Kesimpulan yang kami peroleh dari membandingkan kedua anak tersebut adalah Kahfi dan
Brahim mengalami keterlambatan dalam bicara dan bahasa disebabkan pada waktu dia
berumur 0- 2 mereka hanya mendapatkan stimulus di rumah saja tanpa diperkenankan untuk
bermain di luar rumah. Namun perbedaannya yaitu orang tua Ibrahim ketika mengetahui
masalah yang terjadi pada putranya segera mengonsultasikannya kepada psikolog sehingga
dia mendapatkan terapi yang tepat. Tidak hanya itu kedua orang tua Kahfi dan Brahim pun
membolehkan mereka bermain di luar rumah sehingga mereka berdua mengalami
perkembangan yang cepat hanya saja perbedaan keduanya yaitu Kahfi dapat menyampaikan
kata dalam bentuk kelimat dengan jelas namun kurang terarah sedangkan Brahim dapat lancat
bicara dengan kalimat yang kurang jelas namun terarah. Hal ini kemungkinan terjadi karena
Brahim mendapatkan terapi sebelumnya sedangkan Kahfi tidak.
DAFTAR PUSTAKA

Ahmad, Nusaibah dan Lailah, Amr Abu. (2009). The Secret of Childhood. Pustaka Al-kautsar.
Jakarta. Hal 76.

Feist, Jess dan Feist, Gregory J. (2014). Teori Kepribadian Theories Of Personality. Salemba
Humanika. Jakarta. Hal 300.

Hastuti, Eko Widhi dan K, Lydia Ersta (2017). Meningkatkan Perkembangan Bahasa Anak Usia 4-
5 Tahun Melalui Bermain Pesan Berantai. Jurnal Audi. Volume II (2) :91-97.

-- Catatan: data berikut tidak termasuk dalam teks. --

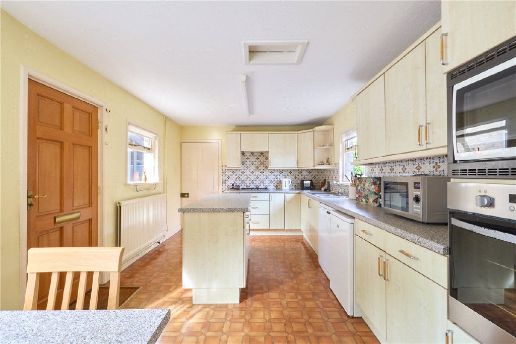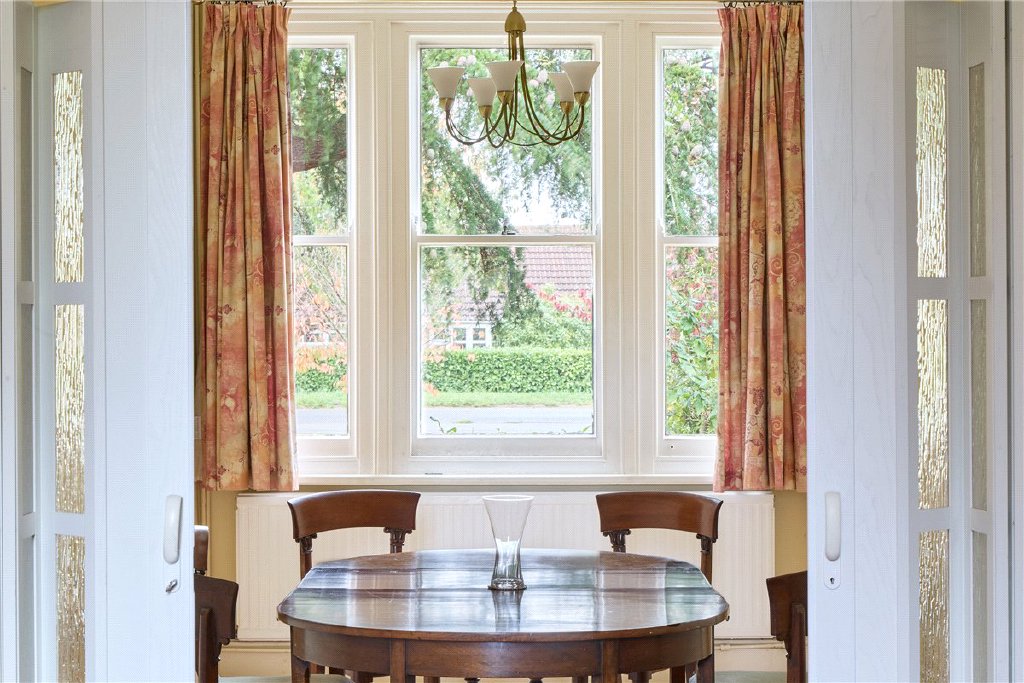 The welcoming entrance hall leads to a choice of three reception rooms, including a formal sitting room, dining room and breakfast room with generous proportions and period detailing. To the rear, a light-filled sun room connects seamlessly with the garden. A utility room with adjoining shower room provide a practical space that is crucial for family life. The kitchen/breakfast room enjoys views over the garden and opens conveniently to the outside, making it the heart of the home.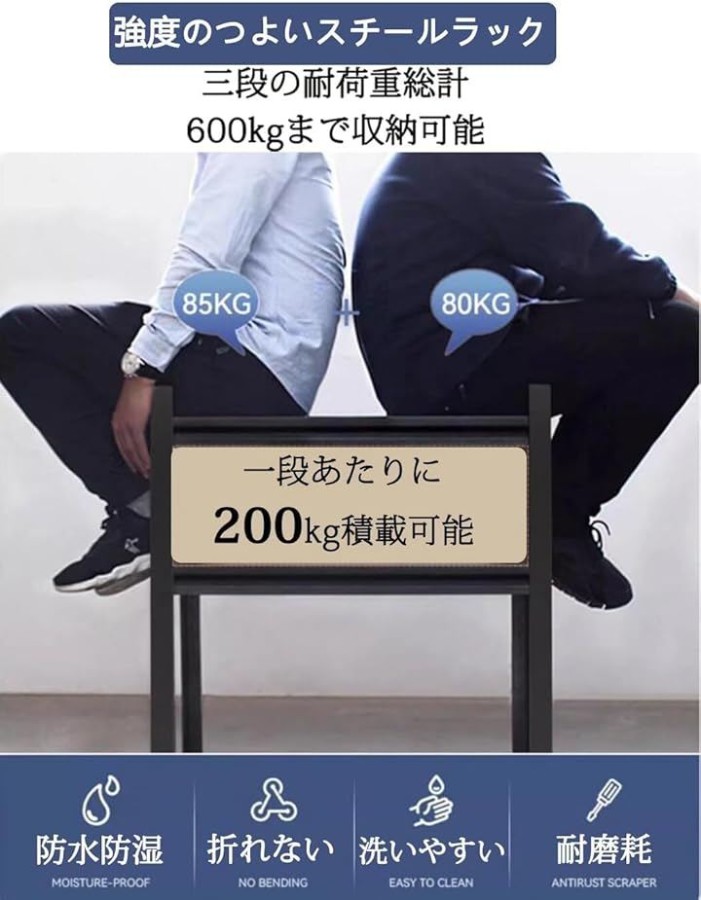 組み立てはネジ不要で、耐荷重が総計600KGの三段スチールラックです。

Manurung, Ade Karunia Rizky. (2019). Optimization of Speaking Ability in Early Childhood.
Early Childhood Research Journal. VOL. 02 No 2: 58-63.

Santrock, J. W. (2012). Life Span Development Perkembangan Masa-Hidup Edisi


ketigabelas Jilid 1. Edisi 13, Erlangga. New York. Hal 264-266.